- Data Cleaning Introduction
- Cleaning Data for Analysis
- Cleaning Data with Alex
- Data Structuring & Cleaning with Mike
- Loop Through pandas DataFrame
What are the steps to cleaning your data in a data analysis project? This article combines a few sources of information, so I called it “with Mike”. I have another post that is called EDA Cleaning with Pandas. In that article, I break down EDA into six parts. The six main practices of EDA are discovering, structuring, cleaning, joining, validating and presenting.

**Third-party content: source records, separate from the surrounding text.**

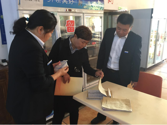 (教育厅学校联合督查组专家查看学生食堂饭菜留样工作)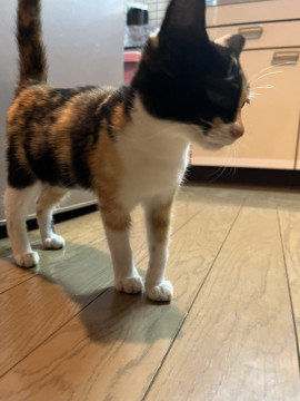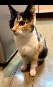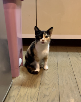 猫の本能か教えなくてもトイレはちゃんと使えるし、猫じゃらしには思いっきり反応して遊ぶ、ダメだと教えた事は何かわかるようで、余計な事はしない賢い子猫です。それに毛色は綺麗な三毛でお顔はハチワレみたいで可愛らしい顔立ちをしています。そんな子猫の里親になってくれる方いらっしゃいませんか?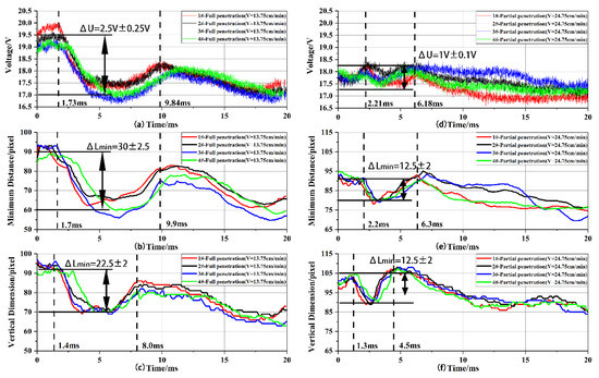 The synchronous curves of the voltage signal, the minimum distance (Lmin) and the vertical dimension (LV). Full penetration (V = 13.75 cm/min): (a–c). Partial penetration (V = 24.75 cm/min): (d–f).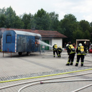 Ein gemeinsamer Biergarten sorgte für Abkühlung und Erholung, bevor Vorführungen der Feuerwehr auf dem Programm standen. Dabei wurde der Einsatz bei Bränden gezeigt oder die Explosion von Spraydosen und eine Fettexplosion.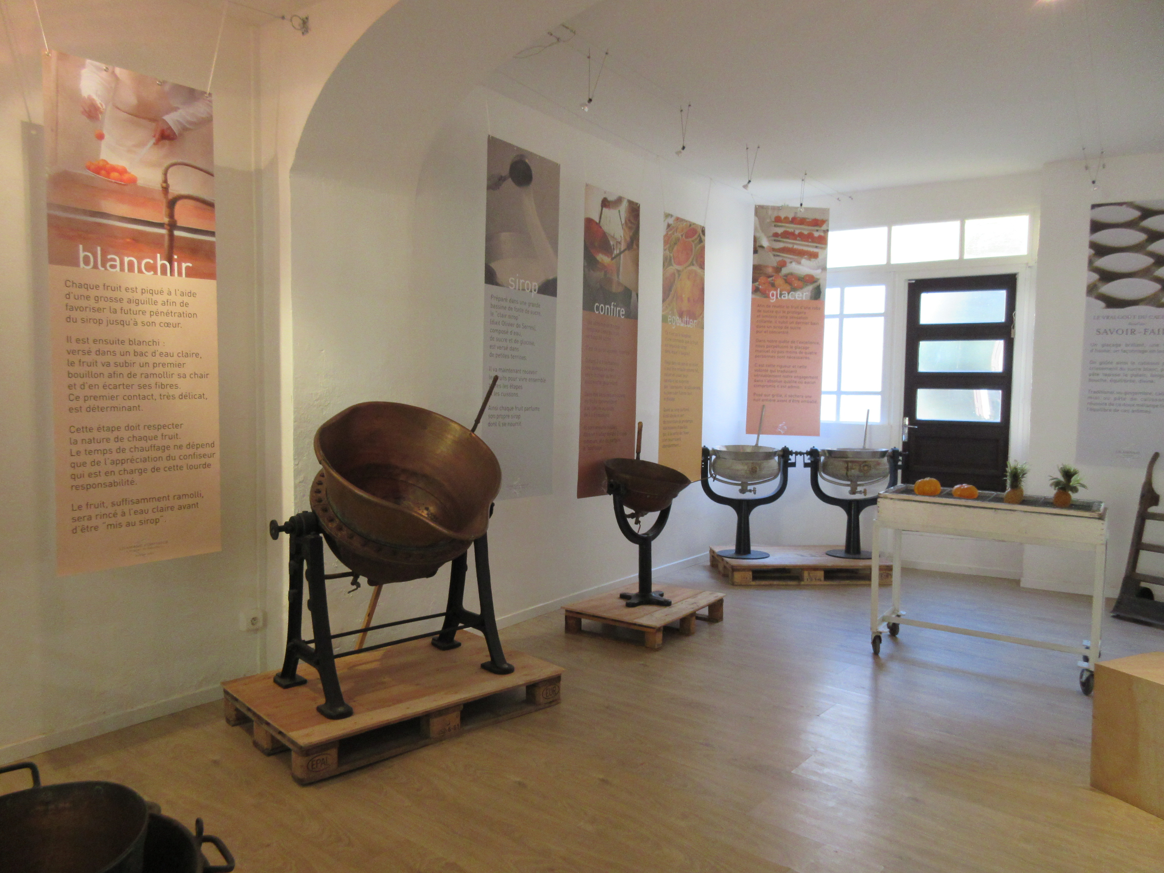 Les secrets du confisage permettent de donner aux fruits confits des arômes intenses et une souplesse. La technique consiste à remplacer l’eau du fruit par un sirop de sucre, le confire. Cette technique nécessite 3 à 4 semaines dans des bouillons successifs puis deux mois minimum dans un fruitier le parfaire les fruits confits. Ce procédé permet de donner tout le moelleux aux fruits.

Before you clean your data you’ll do a few of things first. You want to know the purpose of your project and who the stakeholder are. This article will assume you are using Python as your programming language. You might be using Jupyter Notebook as you programming environment. If you can get hold of a data dictionary, do so. It will be very helpful.
The links in the list below all link to code examples in Python. They are usually linking to code that uses the pandas library.
- Import the data (reading files)
- Initial Exploratory Data Analysis (EDA)
- Drop any Columns we Don’t Need
- Rename Columns as necessary (reorder if necessary)
- Check the Data Types of the columns
- Check the numerical data ranges (describe) of the columns
- Uniqueness constraints (are there any duplicates?)
- Check Outliers (statistics and boxplots)
- Remove Bad Characters in Text Columns (remove begin and trail spaces, remove Non-alphanumeric)
- Explore the Dependent Variable
- Are the categorical columns consistent? (correct categories, correct spelling)
- Text length is within limits – consider empty strings and nulls
- Text data has consistent formatting (phone numbers, postal codes, etc.)
- Numeric Unit Uniformity (numbers are in same units – money, temperature etc.)
- Datetime Uniformity (mm-dd-yyyy or dd-mm-yyyy or yyyy-mm-dd)
- Crossfield Validation (check calculations in calculated columns) and/or create calculated columns
- Missing Data
From a Columns Perspective
Let’s reorganize the above list in a different way. Looking at data cleaning from a dataset (rows and columns) perspective may be a more systematic approach that you might appreciate. Consider a single dataset, or “table” or Excel worksheet. Most of the above items are working with columns, but a few are working with rows.
- Drop any Columns we don’t need
- Rename Columns as necessary
- Reorder the columns as needed
- Check the Data Types of the columns
- Check the numerical data ranges (describe) of the columns
- Check Outliers (statistics and boxplots)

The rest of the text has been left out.